11. French Capital Gains Tax
- Scope of the Tax
- Exemptions on Sale of Property
- Allowable Costs on Sale of Property
- Shares and Personal Possessions
- Taxation of Building Land
- Fiscal Representative for Non-Residents
- Sale of Property Abroad
11.7. Sale of Property Abroad
If you become permanently resident in France, and then subsequently sell your former home or other property outside of France you could become liable for French capital gains tax on the sale proceeds.
The administrative doctrine does appear to grant exemption to sellers who move from their main home and sell within a later reasonable period, but the scope of this to international buyers is not entirely clear. You can read more at Capital Gains and the Principal Residence.
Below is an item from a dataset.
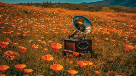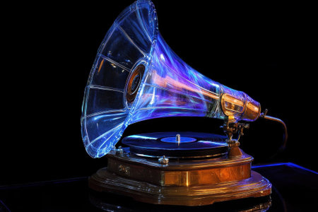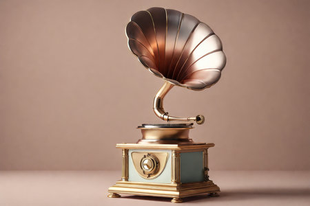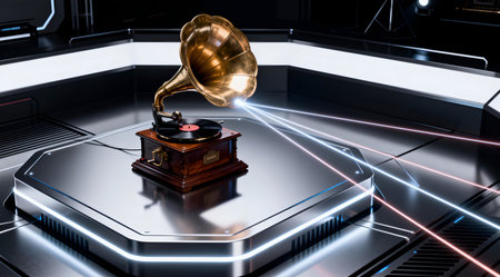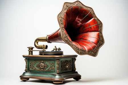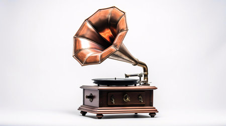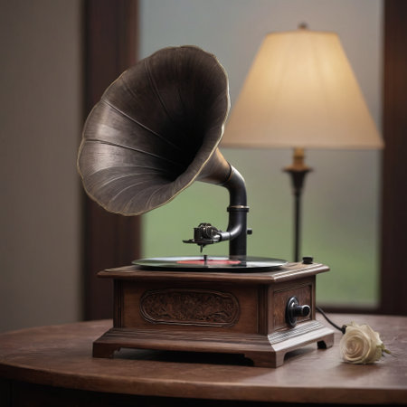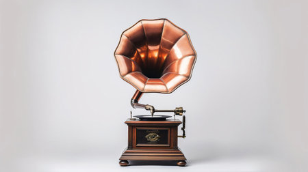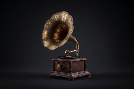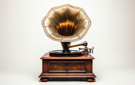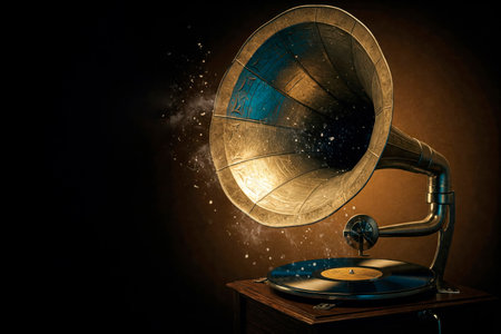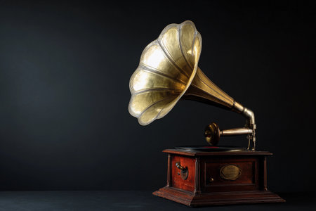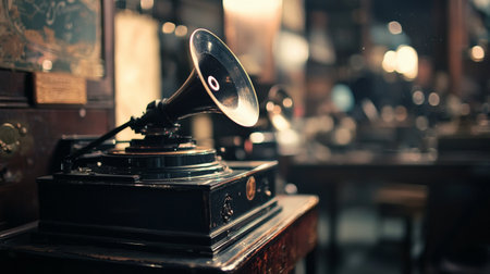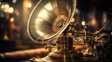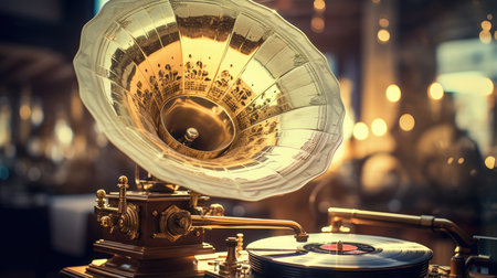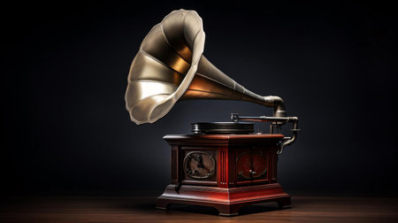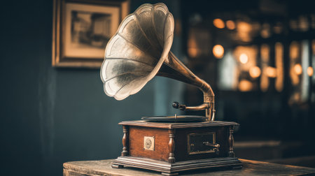 An antique gramophone is the focal point, showcasing a large metallic horn atop a wooden cabinet. The scene uses warm lighting, creating a nostalgic ambiance. The composition highlights the intricate details of the device. This image is suitable for various commercial purposes, including historical themes or vintage product illustrations.

Whether you are liable will also again depend on the terms of any double taxation treaty between France and your home country.
In the case of former residents of the UK resident in France a tax treaty signed between France and UK, operative from 1st January 2010, makes you liable for capital gains in France on the future sale of your former home. The tax is based on your Euro gain, not on your Sterling gain, an important factor given the movement in exchange rates over the years and which can therefore make a big difference to the calculation.
You will be entitled to the same relief on French capital gains tax as you would otherwise receive if the property was located in France. On that basis you will be entitled to relief based on the duration of ownership. The double taxation rules mean that where the French tax paid is greater than the liability in the UK, no tax is payable in the UK.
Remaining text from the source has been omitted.